# Sassy critique



## Endiku (Dec 6, 2010)

LONG back, which gives the illusion of very short legs. Nice short cannons, pasterns are a bit too straight. Nice open shoulder and her neck ties in well at the withers and chest. Slightly downhill. It looks like her right rear hoof might be clubbed fairly severely? A bit tied in at the knees too.

Over all not a terrible mare, but I'd be careful with her back. She'll make a lovely all arounder and I love her color.


----------



## DraftyAiresMum (Jun 1, 2011)

I'm not seeing the long back, to be honest. Her back looks like it's a good length, actually. 

I do agree with everything else Endiku said.

In addition, she looks like she stands under herself and may be a bit sickle-hocked behind. Also, she toes out fairly badly in the front.
_Posted via Mobile Device_


----------



## emilienrocket (Jan 10, 2012)

thanks guys  anything you see would be bad for reining ??


----------



## DraftyAiresMum (Jun 1, 2011)

I think she looks like she'd make a good little reined, to be honest.
_Posted via Mobile Device_


----------



## waresbear (Jun 18, 2011)

If she has the Zan Par breeding, she is a good pleasure horse who can rein. To me, she looks pleasure, horsemanship all the way.


----------



## emilienrocket (Jan 10, 2012)

heres her pedigree
Zan Be Sassy Cr Quarter Horse

i know she would be good in pleasure i just dont really like it lol im going to continue doing a few WP classes with her next summer but reining is what im traning her for  and her sire is a good reiner that my friend competes with so if shes anything like him ill be happy.


----------



## Endiku (Dec 6, 2010)

It might be the opposite of long back then, just really short legs? Or even camera angle. Something about her looks disporportionate to me.


----------



## tinyliny (Oct 31, 2009)

nice mare. Her back is not long to me. However, her SI joint point is behind her point of hip, so maybe not the strongest of coupling pelvis to back. Great neck and shoulder.
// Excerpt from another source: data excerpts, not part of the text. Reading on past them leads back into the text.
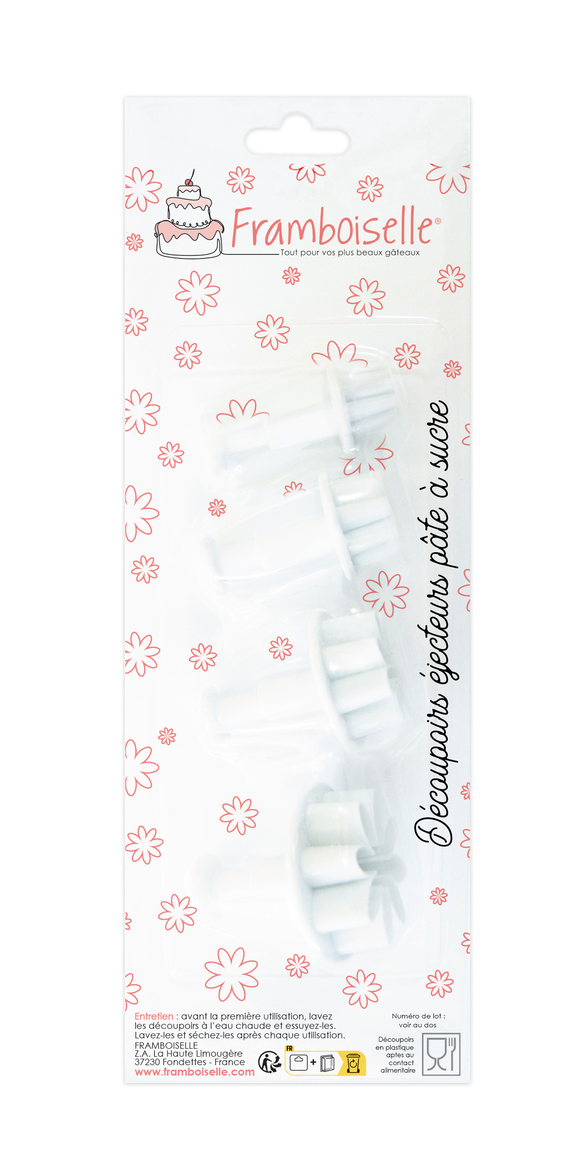 Lot de 4 découpoirs pour réaliser des fleurs en pâte à sucre et décorer ainsi vos desserts.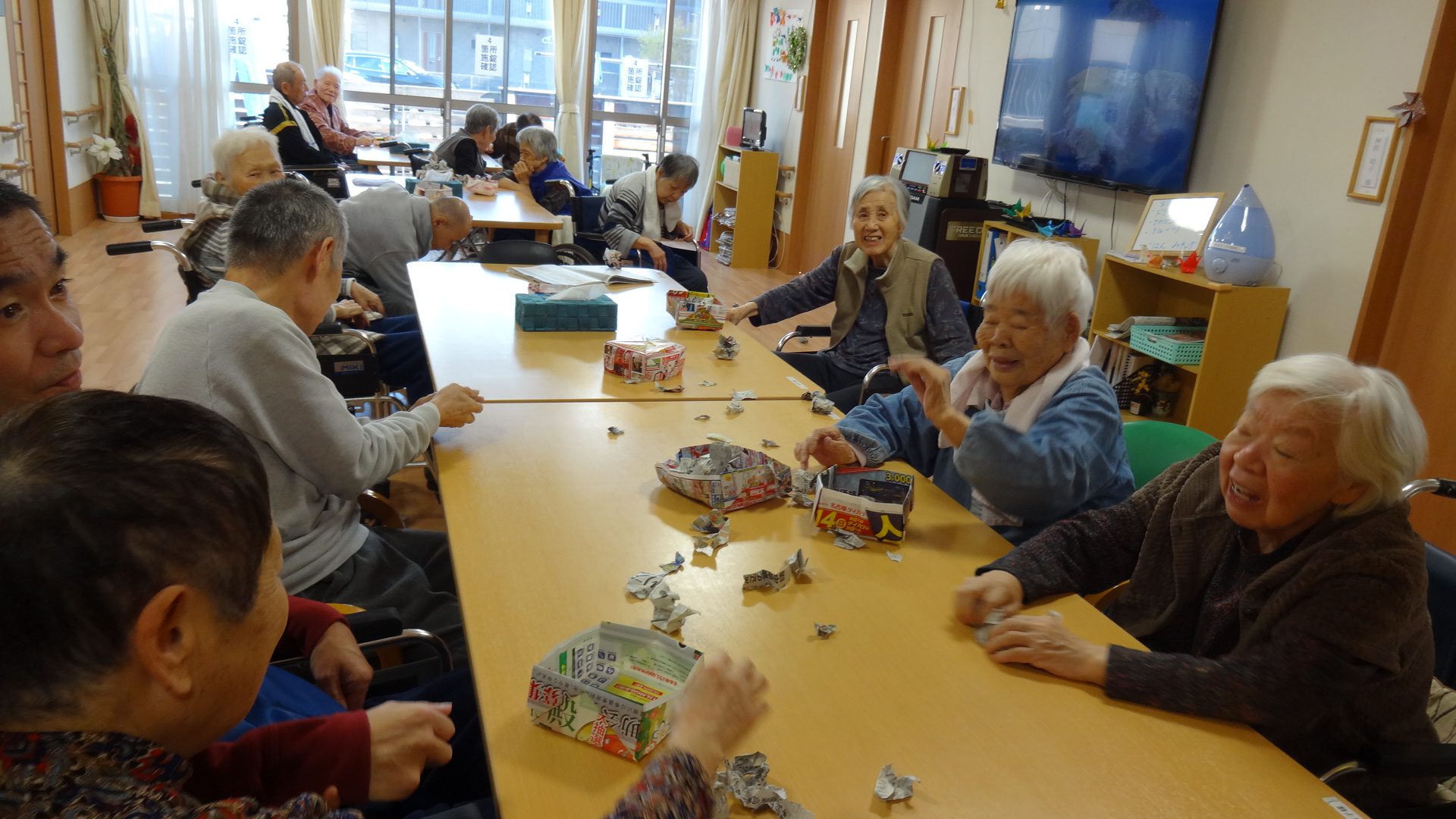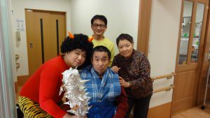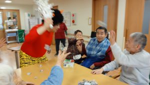 今年も入居者様お手製の新聞紙で作って頂いた「豆」で鬼退治です!*。ヾ(。>v<。)ノ゙*。*。*。*。
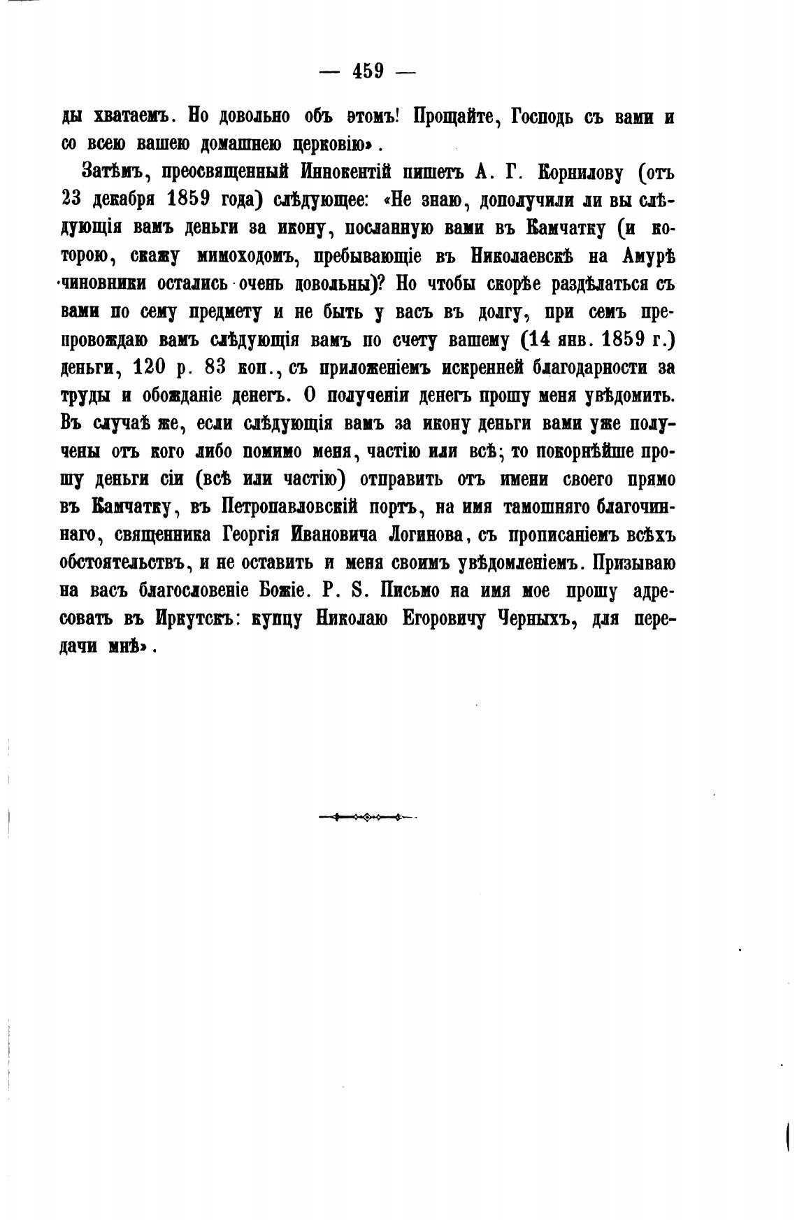 вамъ деньги за икону, посланную вами въ Камчатку (и но-

Gorgeous head. back legs have good hocks, low canons, a bit light on the canon bone and short pasturns with smallish hooves. 

Front legs are the "odd" spot to me. LEft front is toed out and the knee is a bit tied in, even looks almost puffy on the front of the knee. canons are short.


Overall, pretty nice mare.


----------



## Allegro (Nov 16, 2012)

She has A nice shoulder, but there are several things about this horse that are red flags to me. Her actual back isn't long, but she is very long and weak in the coupling. She also appears goose rumped and sickle hocked. Also she is tied in at the knee. All of these issues are pretty severe which leads me to question the long term soundness of this horse. I honestly think she would not be able to withstand the athletic strain of competition.


----------



## Elana (Jan 28, 2011)

She is long and weak through the coupling. If her Peak of Croup were about 3 inches further forward that would be really nice. She could stand a bit more through the hip. She does toe out. 

She has an absolutely lovely front end.. very breedy. Her hind legs look like they might be a tad straight thru the hocks. Her feet are a bit small.

I would love to see this mare trotting up long steep hills on every ride 6 days a week as part of her training.. and a new photo in 3 months. I bet she would look MUCH better.


----------



## emilienrocket (Jan 10, 2012)

thanks for the replies guys


----------



## GotaDunQH (Feb 13, 2011)

Wow, with that pedigree she sure is bred to be a reiner. I mean, you have Brennas Kid and the Zan line...couldn't ask for much better.


----------



## emilienrocket (Jan 10, 2012)

thanks  i wanted to here something like that


----------